A son living at the time of the execution of his father's will cannot contest the allowance of the will on the ground that he is not named or referred to in it.
APPEAL, from a decree of the judge of probate, allowing the will of Emmons McIntire. The appellant, a son of the deceased, born before the will was made, is not named or referred to in the will. He makes no objection to the allowance of the will except the omission to name or refer to him. The court dismissed the appeal, and the appellant excepted.
Drew Jordan, for the plaintiff.
O. Ray and W. S. Ladd, for the defendant.
Every child or issue of a child of a deceased testator not named or referred to in his will, and who is not a devisee or legatee, shall be entitled to the same portion of the estate, both real and personal, as he would have been had the deceased died intestate. G. L., c. 193, s. 10; Gage v. Gage, 29 N.H. 533; Farnum v. Bryant, 34 N.H. 9.

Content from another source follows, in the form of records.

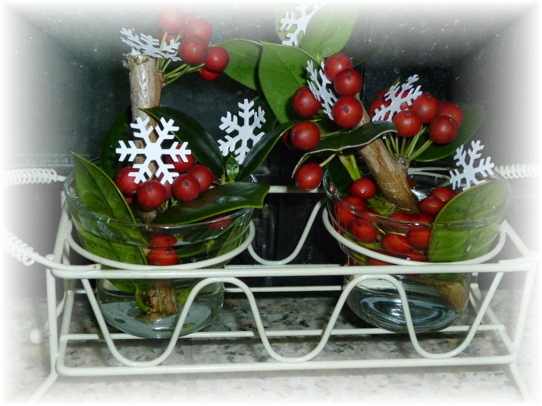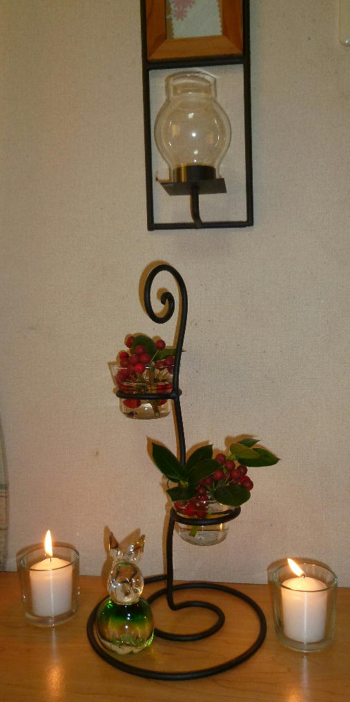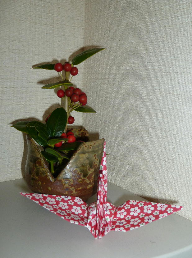 洗面スペースにも。ここは千代紙で折った折り鶴で。この赤い実はなんでしょう^^;某所に大きな木がありましていただいてきました。多分チャイニーズ・ホーリーの一種ではないかと思っているのですが定かではありません。すんごく大きくなった木が何本もあるので心やすくいただいています^^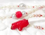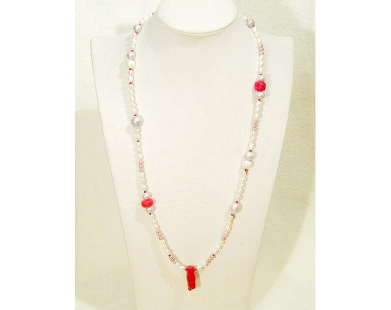 本真珠(淡水)と山珊瑚を使ったネックレスです。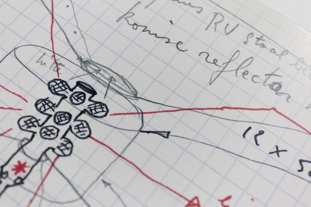 Dit is een uitzonderlijke proefdruk, met de hand gesigneerd door Panamarenko.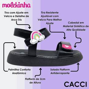 Proporcione conforto e estilo para sua pequena com a Sandália Papete Conforto da Molekinha! Ela vai amar o toque de arco-íris, enquanto você se encanta com a praticidade e o bem-estar que esse calçado oferece. Garanta já a sua!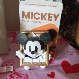 Popmart Dimoo world Journal of life. This one is called attachment. Brand new Popmart Mickey Boundless Creativity. Very cute. He's called the Painting Mickey. Then I have the Symbiote Neverland this one is called Begonia Dog this one is NOT Popmart. Very Adorable. Holding a heart 🩷 and has an eye patch heart as well. Great deal you will receive all 3. I will include some goodies.
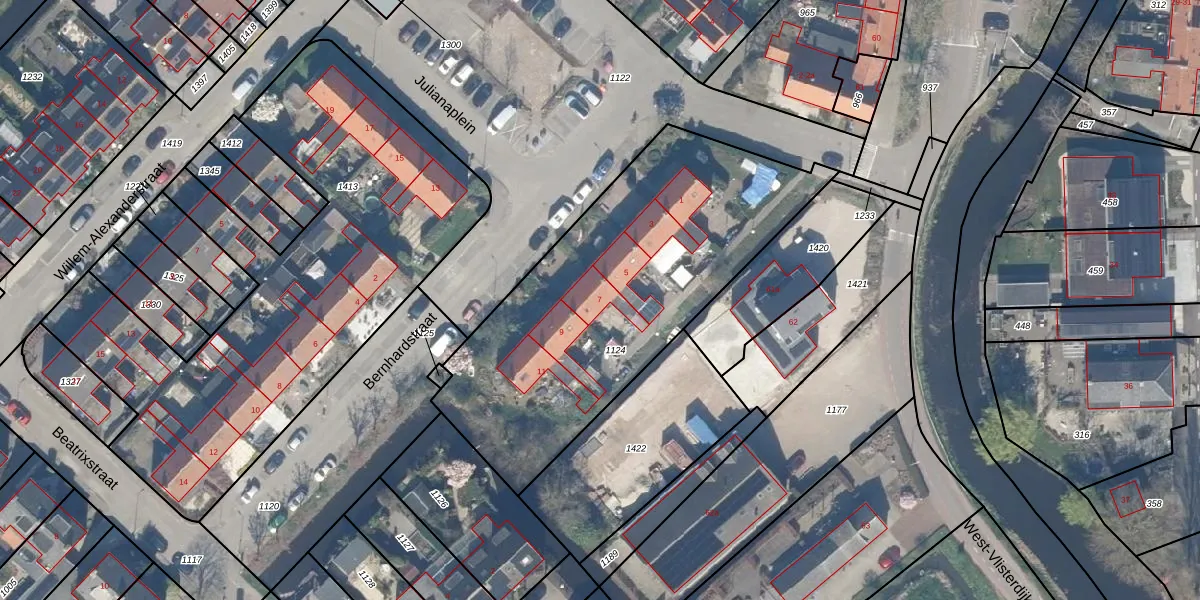 Het adres is gelegen op perceel 1124 in de sectie A en de kadastrale gemeente Vlist. De kadastrale aanduiding is aldus VLI00-A-1124. Het perceel is 1680 m² groot. Dat is kleiner dan de gemiddelde perceeloppervlakte in Vlist, dat op 1,0 ha ligt. Het kleinste perceel in de kadastrale gemeente is 1 m² groot. De grootste perceeloppervlakte is 18,9 ha. Op het perceel liggen in totaal 6 adressen. De huidige grenzen van het perceel zijn digitaal in de Basisregistratie Kadaster (BRK) geregistreerd op 30-10-2025.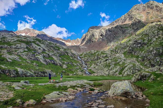 Von der Weißwandspitze fällt der Steig steil durch teils seilversichertes, felsiges Gelände ab, bis du am Stubensee wieder im Grünen ankommst. Wollgras säumt den Weg, ein Wasserfall plätschert und nach langer Zeit wirst du hier wahrscheinlich wieder andere Wanderer treffen. Hier machst du am besten eine kurze Pause. Denn der letzte Anstieg wird ungemütlich.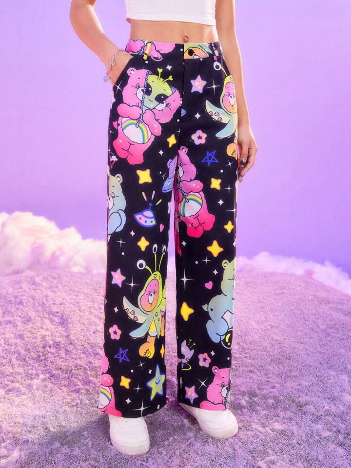 ROMWE X Care Bears Pantalones De Pierna Ancha Con Gráficos De Dibujos Animados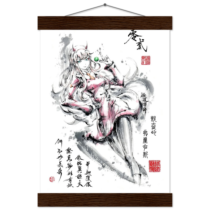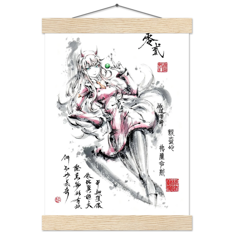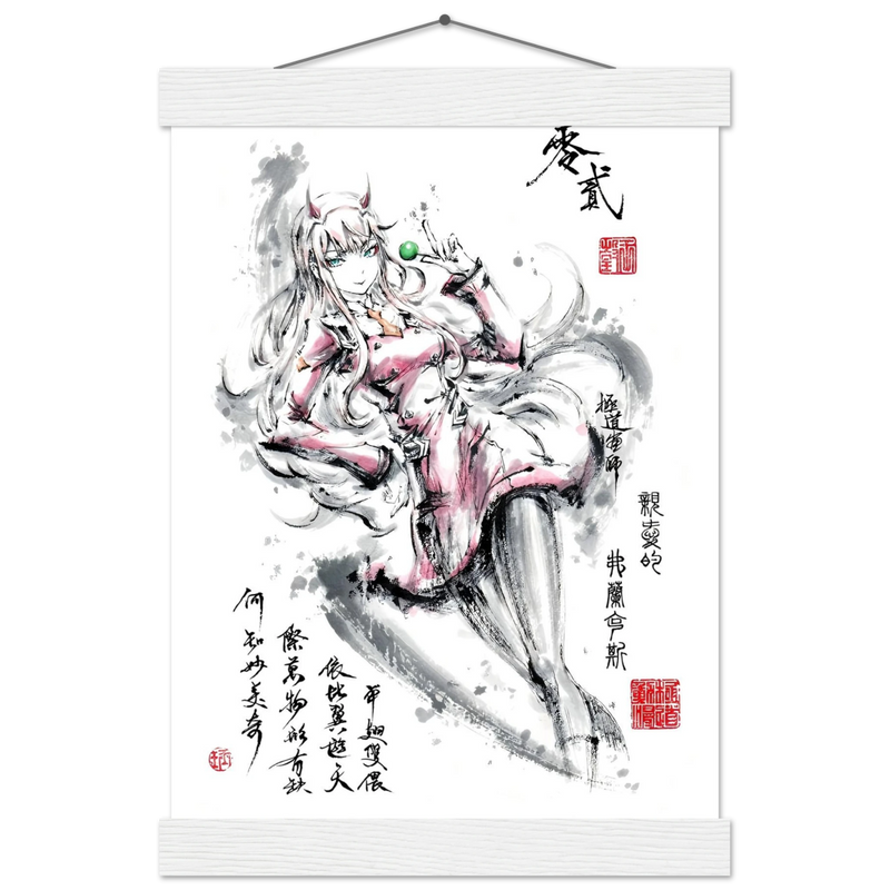 Discover a captivating artistic interpretation of Zero Two, the iconic heroine of the anime DARLING in the FRANXX , enhanced by the delicate aesthetics of sumi-e. This unique creation merges the mechanical world of the series with the poetry of oriental calligraphy, offering a vision where grace and power are one.

In such a case, if the property not devised or bequeathed shall be insufficient to satisfy the just share of the child, after allowing the advancements received by him, the insufficiency shall be contributed in just proportion from the property devised or bequeathed. G. L., c. 193, s. 11. The rights of the appellant are independent of the will, and are not affected by it.
Exception overruled.
CARPENTER, J., did not sit: the others concurred.